Supportiamo due tipi di implementazioni per aggiornare i modelli in produzione: implementazioni blu/verdi e implementazioni continue.

  • Distribuzioni blu/verdi: puoi spostare il traffico dal tuo vecchio parco istanze (il parco istanze blu) a un nuovo parco istanze (parco istanze verde) con gli aggiornamenti. Le implementazioni blu/verde offrono diverse modalità di spostamento del traffico. Una modalità di spostamento del traffico è una configurazione che specifica in che modo SageMaker AI indirizza il traffico degli endpoint verso un nuovo parco contenente gli aggiornamenti. Le seguenti modalità di spostamento del traffico offrono diversi livelli di controllo sul processo di aggiornamento degli endpoint:

    • Spostamento del traffico tutto in una sola volta sposta tutto il traffico degli endpoint dal parco istanze blu a quello verde. Una volta che il traffico si sposta verso il parco istanze verde, gli allarmi Amazon CloudWatch preimpostati iniziano a monitorare il parco istanze verde per un determinato periodo di tempo (il periodo di baking). Se durante il periodo di incorporamento non scatta alcun allarme, SageMaker AI interrompe il parco blu.

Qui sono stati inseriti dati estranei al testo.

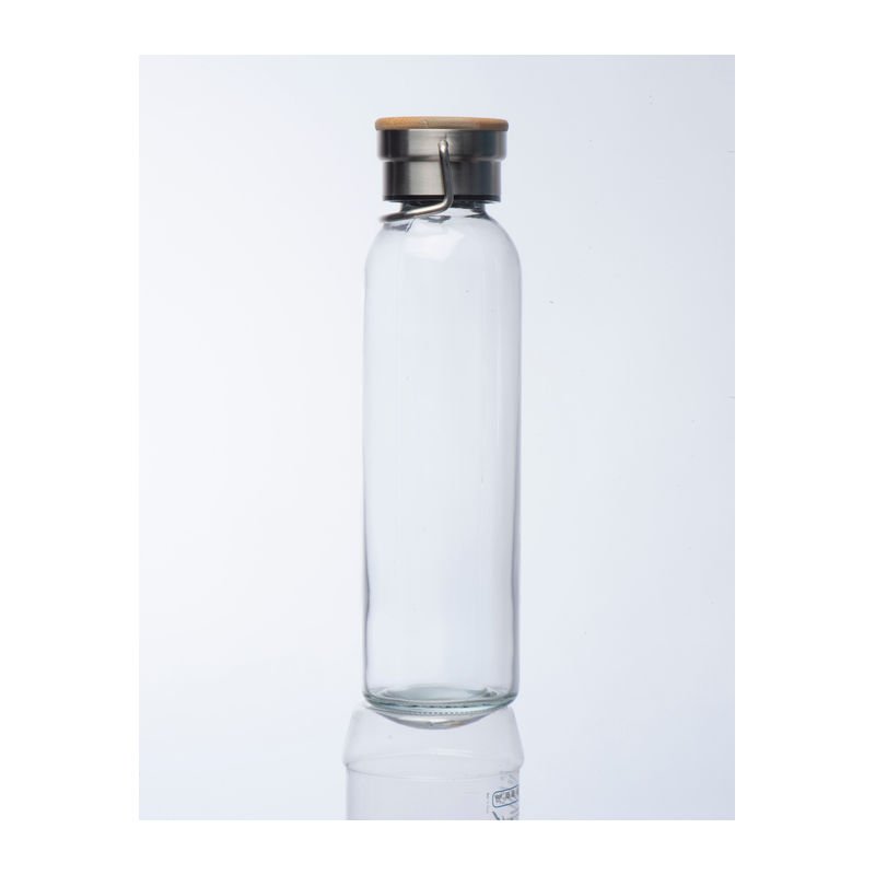 Sklenená fľaša na pitie s neoprénovým puzdrom, vrchnák z nehrdzavejúcej ocele s bambusovým vrchom, ucho na prenášanie a objem 600 ml.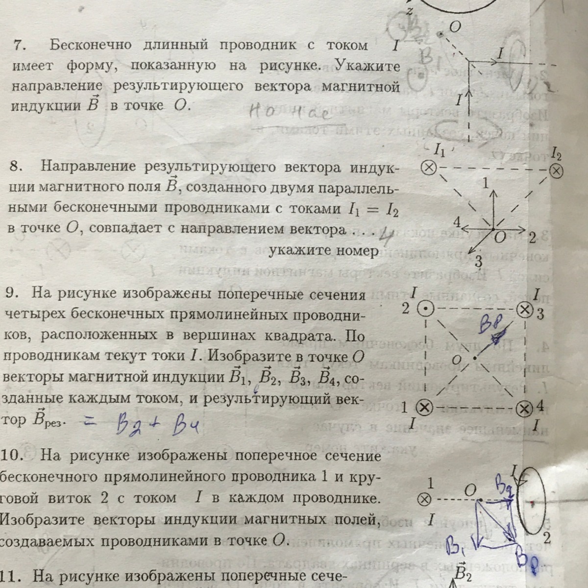 Вектор магнитной индукции от проводника с током 1 по правилу правой руки направлен от точки О в сторону цифры 3

    • Spostamento del traffico canary sposta una piccola parte del traffico (un canary) verso il parco istanze verde e la monitora per un periodo di baking. Se il canary ha successo sul parco verde, SageMaker AI sposta il resto del traffico dal parco blu al parco verde prima di terminare il parco blu.

    • Utilizzare lo spostamento del traffico lineare offre una personalizzazione ancora maggiore rispetto al numero di fasi di spostamento del traffico e alla percentuale di traffico da spostare per ciascuna fase. Mentre lo spostamento canary consente di spostare il traffico in due fasi, lo spostamento lineare lo estende a n fasi distanziate in modo lineare.

  • Utilizzare implementazioni in sequenza: puoi aggiornare l’endpoint man mano che SageMaker AI alloca in modo incrementale la capacità e sposta il traffico verso un nuovo parco in fasi di una dimensione del batch specificata. Le istanze del nuovo parco vengono aggiornate con la nuova configurazione di implementazione e, se nessun allarme CloudWatch si attiva durante il periodo di incorporamento, SageMaker AI ripulisce le istanze del parco precedente. Questa opzione offre un controllo granulare sul numero di istanze o sulla percentuale di capacità spostata durante ogni fase.

Puoi creare e gestire la distribuzione tramite l'API e i comandi UpdateEndpoint e CreateEndpoint SageMaker e AWS Command Line Interface. Consulta le pagine di distribuzione individuali per maggiori dettagli su come configurare la distribuzione. Tieni presente che se l'endpoint utilizza una delle funzionalità elencate nella pagina Esclusioni, non puoi utilizzare i guardrail di distribuzione.

Per seguire esempi guidati che mostrano come utilizzare i guardrail di implementazione, guarda i nostri esempi di notebook Jupyter per le modalità di spostamento del traffico canary e lineare.